- Born: David Lomon 31 December 1917 Hackney, London, England
- Died: 21 December 2012 (aged 94) Slough, Berkshire
- Occupation: Textiles
- Known for: Last known UK-based survivor of the International Brigade during Spanish Civil War

= David Lomon =

David Lomon (31 December 1917 - 21 December 2012) was the last known UK-based survivor of a 2,500 strong army of Britons who fought with left-wing forces against General Franco's Nationalists in the Spanish Civil War.

The only known British survivor of the International Brigades to outlive Lomon was Stan Hilton, who died in 2016.

==Biography==
Born in Hackney, London, Lomon was a 19-year-old rag-and-bone man when he signed up to join the International Brigade in secret in 1936 following a clash with Oswald Mosley's fascist group the Blackshirts at the Battle of Cable Street. After expressing an initial interest at a London office, the Young Communist League member was tested for his suitability for the Brigade in Paris. In December 1937 he travelled through to France and into Spain via the Pyrenees at night, avoiding Franco's border guards. He then joined the British Battalion of the 15th International Brigade.

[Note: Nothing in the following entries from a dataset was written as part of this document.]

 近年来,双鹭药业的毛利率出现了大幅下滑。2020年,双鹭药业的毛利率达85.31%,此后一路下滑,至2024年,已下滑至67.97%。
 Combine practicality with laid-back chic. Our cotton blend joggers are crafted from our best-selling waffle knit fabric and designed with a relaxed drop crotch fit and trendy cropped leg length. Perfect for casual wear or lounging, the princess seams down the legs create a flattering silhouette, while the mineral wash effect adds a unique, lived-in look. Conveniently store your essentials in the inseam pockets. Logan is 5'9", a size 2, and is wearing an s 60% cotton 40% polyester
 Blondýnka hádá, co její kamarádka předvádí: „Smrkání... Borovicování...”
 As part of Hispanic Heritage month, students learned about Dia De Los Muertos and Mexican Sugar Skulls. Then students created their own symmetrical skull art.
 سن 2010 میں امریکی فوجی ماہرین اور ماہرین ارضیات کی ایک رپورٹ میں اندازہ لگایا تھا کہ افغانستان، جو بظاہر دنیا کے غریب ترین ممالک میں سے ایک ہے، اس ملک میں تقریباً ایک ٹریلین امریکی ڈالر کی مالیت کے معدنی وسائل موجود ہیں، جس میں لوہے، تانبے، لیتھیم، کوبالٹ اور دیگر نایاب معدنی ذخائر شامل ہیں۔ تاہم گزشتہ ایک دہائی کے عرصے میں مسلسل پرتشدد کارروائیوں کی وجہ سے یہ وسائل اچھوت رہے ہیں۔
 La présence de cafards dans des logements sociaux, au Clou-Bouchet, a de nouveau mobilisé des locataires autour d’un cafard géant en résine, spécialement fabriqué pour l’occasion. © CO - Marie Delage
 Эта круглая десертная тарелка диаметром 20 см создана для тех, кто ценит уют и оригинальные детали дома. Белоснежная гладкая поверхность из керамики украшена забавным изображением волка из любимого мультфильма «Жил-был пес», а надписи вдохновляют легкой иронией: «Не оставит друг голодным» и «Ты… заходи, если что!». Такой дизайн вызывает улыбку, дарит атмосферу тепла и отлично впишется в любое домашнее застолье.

He fought on the Republican side in the two-month Battle of Teruel and in the Aragon Offensive where the Republican side faced the might of Franco's forces which were bolstered by more than 100,000 extra troops supplied by Italian dictator Benito Mussolini.

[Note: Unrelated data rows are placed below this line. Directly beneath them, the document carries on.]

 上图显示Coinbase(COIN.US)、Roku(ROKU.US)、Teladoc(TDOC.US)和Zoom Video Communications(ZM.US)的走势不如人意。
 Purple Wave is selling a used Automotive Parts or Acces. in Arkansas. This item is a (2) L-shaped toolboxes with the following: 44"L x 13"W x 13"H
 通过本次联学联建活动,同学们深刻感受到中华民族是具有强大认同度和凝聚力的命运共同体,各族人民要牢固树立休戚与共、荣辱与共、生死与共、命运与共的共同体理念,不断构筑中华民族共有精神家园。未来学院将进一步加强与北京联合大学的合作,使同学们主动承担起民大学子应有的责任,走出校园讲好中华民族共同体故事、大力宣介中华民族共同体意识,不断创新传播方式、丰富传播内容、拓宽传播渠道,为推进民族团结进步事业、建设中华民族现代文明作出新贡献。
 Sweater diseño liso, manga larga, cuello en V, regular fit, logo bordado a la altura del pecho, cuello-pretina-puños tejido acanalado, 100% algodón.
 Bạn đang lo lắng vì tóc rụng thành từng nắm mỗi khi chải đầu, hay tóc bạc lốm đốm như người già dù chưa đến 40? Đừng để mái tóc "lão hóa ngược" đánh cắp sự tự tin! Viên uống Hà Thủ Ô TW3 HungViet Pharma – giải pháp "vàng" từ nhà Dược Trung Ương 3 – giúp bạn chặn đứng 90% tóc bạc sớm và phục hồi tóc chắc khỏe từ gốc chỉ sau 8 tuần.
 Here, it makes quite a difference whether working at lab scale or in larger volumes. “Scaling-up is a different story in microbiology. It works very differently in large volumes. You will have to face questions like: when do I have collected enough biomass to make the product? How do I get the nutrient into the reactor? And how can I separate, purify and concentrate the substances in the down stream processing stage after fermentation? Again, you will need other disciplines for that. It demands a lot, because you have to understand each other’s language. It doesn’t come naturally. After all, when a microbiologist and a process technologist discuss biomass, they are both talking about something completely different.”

Lomon was captured by Italian forces on 31 March 1938 during fighting in Aragon and was taken to the crowded prisoner-of-war camp at the Monastery of San Pedro de Cardeñas near Burgos in northern Spain. He survived brutal beatings, a lack of medical facilities and a starvation diet. He was eventually exchanged for Italian prisoners-of-war held captive in Britain in October 1938.

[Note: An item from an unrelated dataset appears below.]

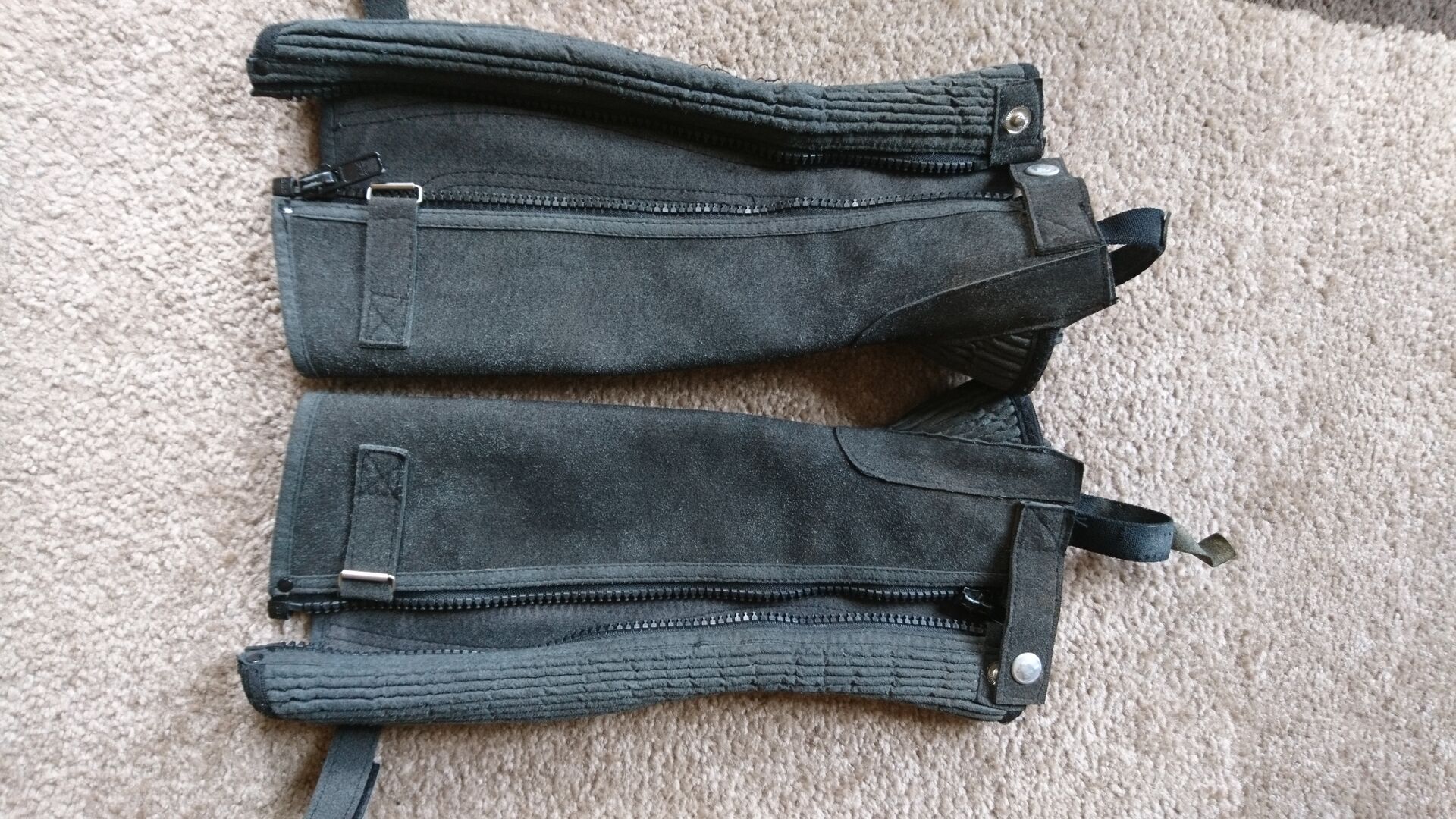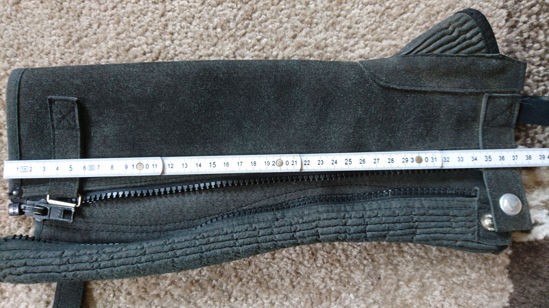 Leider müssen wir schweren Herzens und aus gesundheitlichen Gründen unser Hobby aufgeben. Daher bieten wir hier Kinder Chaps - Gamaschen (CL) an. Sind aus robustem Kunstleder gefertigt. Die anatomische Passform sorgt für einen angenehmen Sitz am Bein. Reißverschlüsse, Klettverschlüsse und Druckknöpfe sind einwandfrei. Die Chaps sind nur leider etwas verblasst und sind nun grau-schwarz. Es sind keine Löcher, Flecken oder andere Beschädigung vorhanden.

Amongst the British members of the International Brigade that Lomon fought alongside were the trade union leader Jack Jones and writers George Orwell and Laurie Lee.

In World War II, Lomon joined the Royal Navy. He eventually returned to Bourne End, Buckinghamshire, and worked in the textile trade.

==International Brigade veteran==
Lomom attended many ceremonies of the veterans of the International Brigade, including the unveiling of a volunteers' memorial on London's South Bank in the Spring of 2011.

He died in Slough, Berkshire aged 94.